Литмир - Электронная Библиотека

Впрочем, припоминаю и другое… Вдоль дороги аккуратными рядами выстроились нарядные люди. Ждут, когда проедет Никита Хрущёв. С утра мы торчим на своем балконе. Вот показался скромный кортеж, медленно проехал по улице, и из одной из черных машин махал лысый человек.

По этой же дороге каждый день проходили грузовики с зарешеченным открытым кузовом,

в котором сидели бритые, одетые в одинаково серую одежду заключенные. И я пыталась разглядеть там дядю Гену. Младший сын нанай попал в тюрьму: вспыльчивость характера, без отцовское детство привели его на кривую дорогу…

В 4 класс я пошла в школу №85. Нанай вынуждена была тащить на себе два дома, и я жила то там, то здесь. В новую школу мне приходилось идти в противоположную сторону чуть больше километра: мимо частных домов, затем парочка двухэтажных желтых домов, потом начинался квартал пятиэтажных серых домов, переход через дорогу, затем дворами выходишь к светло-желтому четырехэтажному зданию школы. Альмира пошла в эту же школу в 1 класс.

А жили мы на два дома потому, что родители опять завербовались, теперь на остров Сахалин. Мама работала в магазине. Он стоял (на фото) весь занесенный снегом, и казалось, вокруг ничего нет, кроме этого деревянного здания и бесконечных снегов.

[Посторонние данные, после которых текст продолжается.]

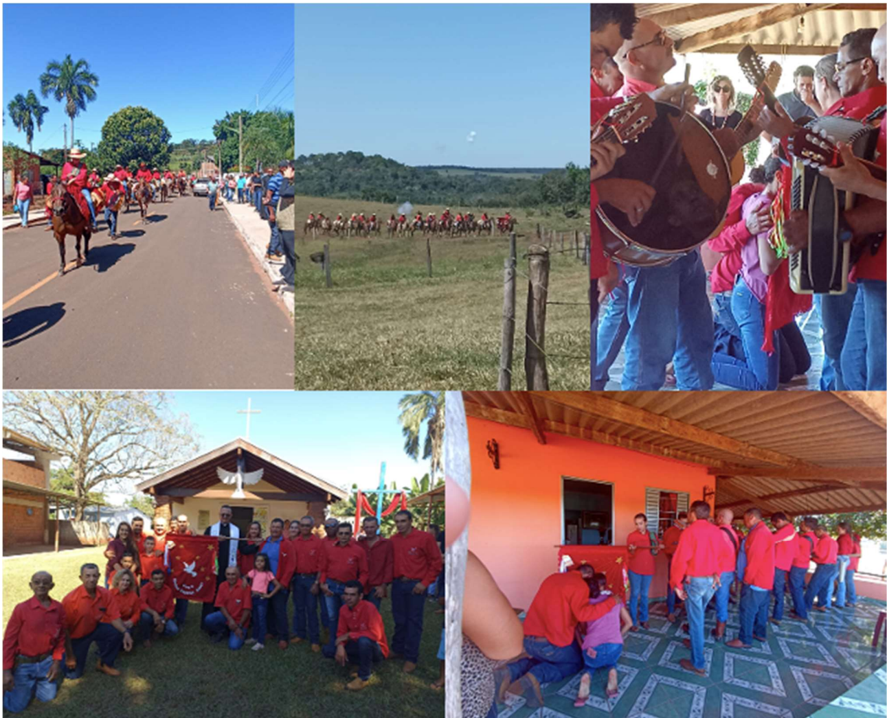
Figura 1 – Imagens da Festa

encerram todas as emoções do dia, onde extravasam essa mistura de sentimentos ritualizados, do sagrado ao profano. No domingo de pentecostes, acontece o sorteio das funções para a próxima edição da festa, onde iniciam os trabalhos, a partir de avaliações e ressalvas, no contexto dos objetivos a serem alcançados pela comunidade receptiva. Elaboração: Os autores (2023).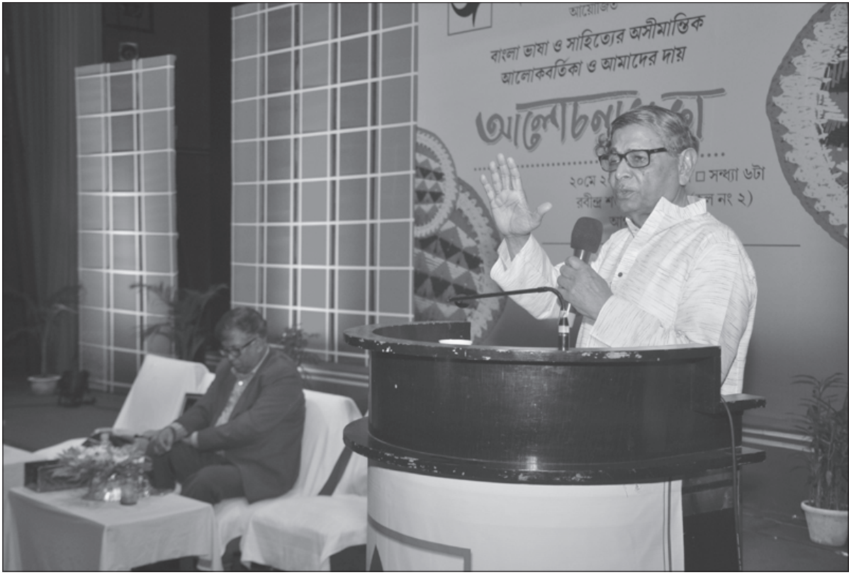
সোমবার বাংলা ভাষা ও সাহিত্যের আয়োজিত অনুষ্ঠানে বক্তব্য রাখেন অতিথিবন্দনা।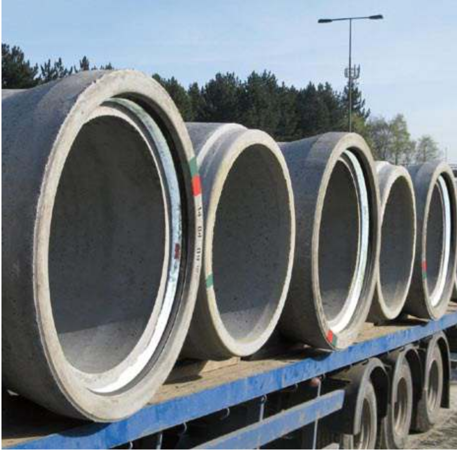
Entegre contalı boru sistemleri

Нанай еще громче и чаще проклинала все на свете, материлась по-татарски и вопрошала, когда же аллах ее заберет. К счастью, он ее не слышал, потому что бабушка ушла из жизни в 90 лет в 1991 году.

Глава 2. «Шпильнявая какая»…

Ослепительно-хрустящий снег под светом фонарей. Золотые кленовые листья на аллее по улице Кольцевой… Познание мира, людей, себя. Зачем-то судьбе было угодно, чтобы моя школьная жизнь была насыщена бурным эмоциональным опытом любви-нелюбви, непростыми взаимоотношениями со сверстниками, остроэмоциональными – с учителями. Росла душа. Мучительно осознавала свое "я". Это была ничем не сдерживаемая натура, открытая со всех сторон и потому уязвимая.

Мои любимые учителя – все они так или иначе согрели своей добротой мою одинокую озябшую душу. Самые потрясающие минуты счастья я испытывала в 85-ой. Именно здесь на меня ниспадал сияющий поток тепла и даже любви, чувства защищенности, какой-то даже значимости своей в этом таком сложном, пугающем мире, который называется жизнь.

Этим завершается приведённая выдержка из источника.